ECLI:NL:RBDHA:2024:16736

Rechtbank Den Haag

Datum uitspraak
7 oktober 2024
Publicatiedatum
16 oktober 2024
Zaaknummer
NL24.31324
Instantie
Rechtbank Den Haag
Type
Uitspraak
Rechtsgebied
Bestuursrecht
Procedures
  • Eerste aanleg - enkelvoudig
Vindplaatsen
  • Rechtspraak.nl
AI samenvatting door LexboostAutomatisch gegenereerd

Beoordeling van het beroep tegen de niet-ontvankelijk verklaring van een asielaanvraag van een Myanmarese nationaliteit

In deze uitspraak beoordeelt de Rechtbank Den Haag het beroep van eiser, een Myanmarese nationaliteit, tegen de niet-ontvankelijk verklaring van zijn asielaanvraag. Eiser heeft op 9 november 2022 een aanvraag tot het verlenen van een verblijfsvergunning asiel ingediend, maar de minister heeft deze aanvraag op 8 augustus 2024 niet-ontvankelijk verklaard. De rechtbank heeft het beroep op 1 oktober 2024 behandeld, waarbij eiser en zijn gemachtigde niet verschenen. De rechtbank concludeert dat eiser al meer dan vijf jaar een verblijfsvergunning asiel in Italië heeft en daar internationale bescherming geniet. De rechtbank oordeelt dat de minister terecht heeft gesteld dat eiser niet aannemelijk heeft gemaakt dat hij bij terugkeer naar Italië in een situatie terecht zal komen die in strijd is met artikel 3 van het EVRM.

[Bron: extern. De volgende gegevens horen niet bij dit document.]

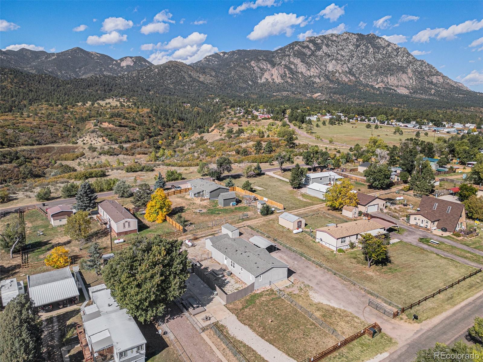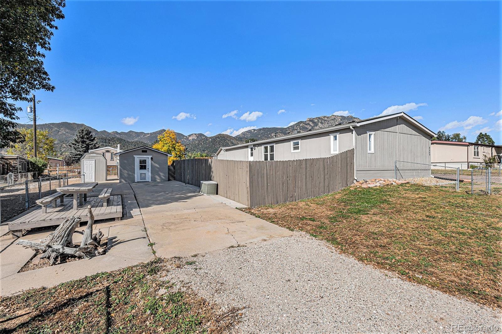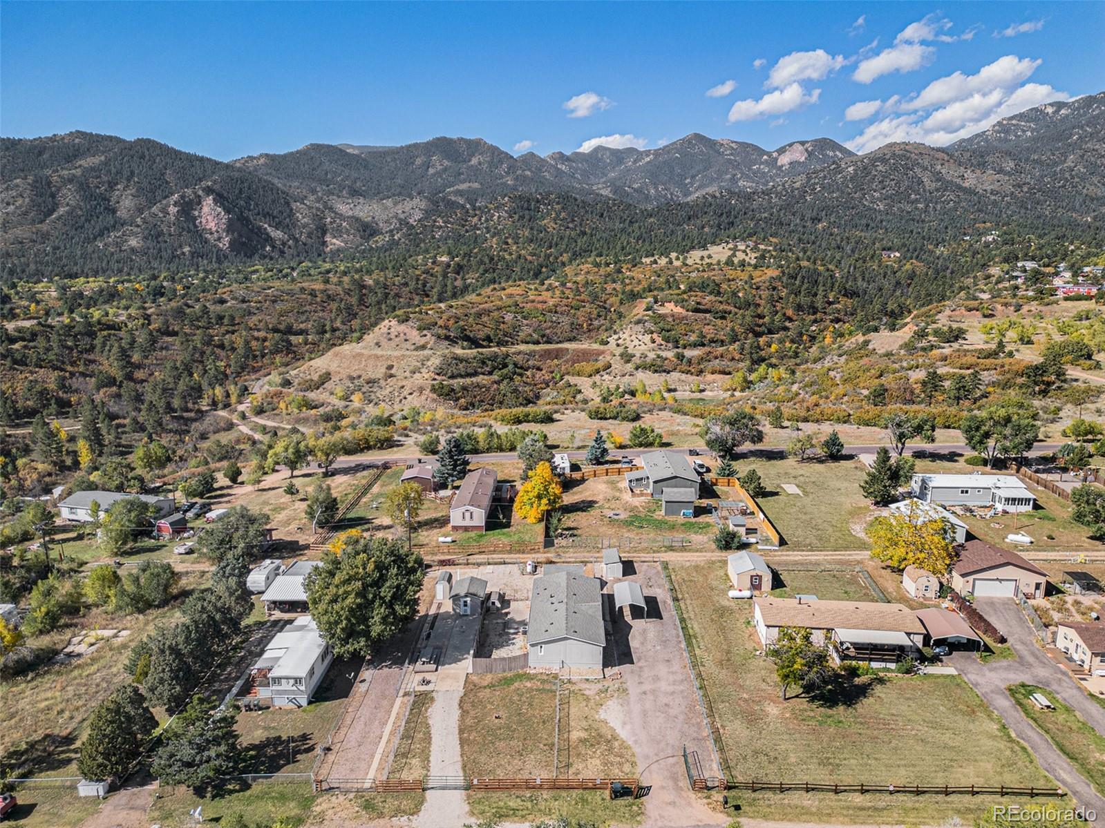 Move-In Ready Home Near Cheyenne Mountain – Expansive Lot, Breathtaking Mountain Views & Limitless Potential! This 0.46-acre property offers stunning Cheyenne Mountain views from every angle & the perfect blend of space & comfort. The cozy, well-maintained home features a living room, bonus room/office, dining area & kitchen w/ breakfast bar, pantry, gas range & ample cabinetry—ideal for cooking & entertaining. A/C keeps the home comfortable year-round & a pellet stove (Comfort Built) in the living room provides maximum heat output w/ a top-mounted hopper & heavy-duty steel design. The primary suite offers a relaxing retreat w/ a large adjoining bath, dual vanities & a freestanding glass shower. Two additional bedrooms, 2nd full bath & a functional laundry room w/ cabinets, shelving, built-in ironing board & walk-out access to the expansive deck complete this inviting interior. Step outside & embrace the best of country living. Imagine relaxing mornings on your deck, enjoying gentle mountain breezes, or evenings under a canopy of stars in your peaceful, private setting. The fully fenced lot is divided into 3 oversized chain-link areas, perfect for pets, toys, RVs, or boat storage. The property offers 3 SHEDS, a DOG HOUSE & a separate COTTAGE/DRY SHED (approx. 16x12) featuring electricity, sink, toilet integrated with the septic system & a kitchenette w/ microwave & mini fridge—ideal for guests, hobbies, or a home office retreat. A detached carport near the front provides covered parking w/ additional open parking nearby. The oversized gravel driveway provides convenient entry, complemented by two alley access points. Nestled on a quiet street w/ no HOA or covenants, this home delivers the charm of rural living w/ just minutes from Fort Carson, downtown Colorado Springs & Cheyenne Mountain State Park. Country living w/ the conveniences of the city—where rolling open spaces, fresh mountain air & a slower pace of life meet modern comfort and functionality.

De rechtbank wijst erop dat het aan de statushouder is om aan te tonen dat hij niet in staat is om zijn rechten te effectueren. Eiser heeft geen concrete aanknopingspunten aangedragen om aan te tonen dat de situatie in Italië voor hem anders is dan voor andere statushouders. De rechtbank concludeert dat de minister terecht heeft geoordeeld dat de asielaanvraag van eiser niet-ontvankelijk is verklaard. Eiser heeft ook geen onderbouwing gegeven voor zijn medische klachten en zijn leeftijd alleen is niet voldoende om hem als bijzonder kwetsbaar te beschouwen. De rechtbank wijst het beroep van eiser af en verklaart het ongegrond, zonder vergoeding van proceskosten.

Uitspraak

uitspraak

RECHTBANK DEN HAAG

Zittingsplaats Utrecht Bestuursrecht zaaknummer: NL24.31324
uitspraak van de enkelvoudige kamer in de zaak tussen

[eiser] , V-nummer: [V-nummer] , eiser (gemachtigde: mr. H.A. Limonard),

en

de Minister van Asiel en Migratie, (gemachtigde: mr. R.A. Mandersloot).

Inleiding

1. In deze uitspraak beoordeelt de rechtbank het beroep van eiser tegen het niet- ontvankelijk verklaren van zijn asielaanvraag. Eiser stelt van Myanmarese nationaliteit te zijn en te zijn geboren op [geboortedatum] 1958. Hij heeft op 9 november 2022 een aanvraag tot het verlenen van een verblijfsvergunning asiel voor bepaalde tijd ingediend. De minister heeft met het bestreden besluit van 8 augustus 2024 deze aanvraag niet-ontvankelijk verklaard.
1.1.
De minister heeft op het beroep gereageerd met een verweerschrift.
1.2.
De rechtbank heeft het beroep op 1 oktober 2024 op zitting behandeld, samen met de zaak van de echtgenote van eiser, zaaknummer NL24.31326. Hieraan hebben deelgenomen: de gemachtigde van de minister. Eiser en zijn gemachtigde zijn met voorafgaand bericht niet verschenen.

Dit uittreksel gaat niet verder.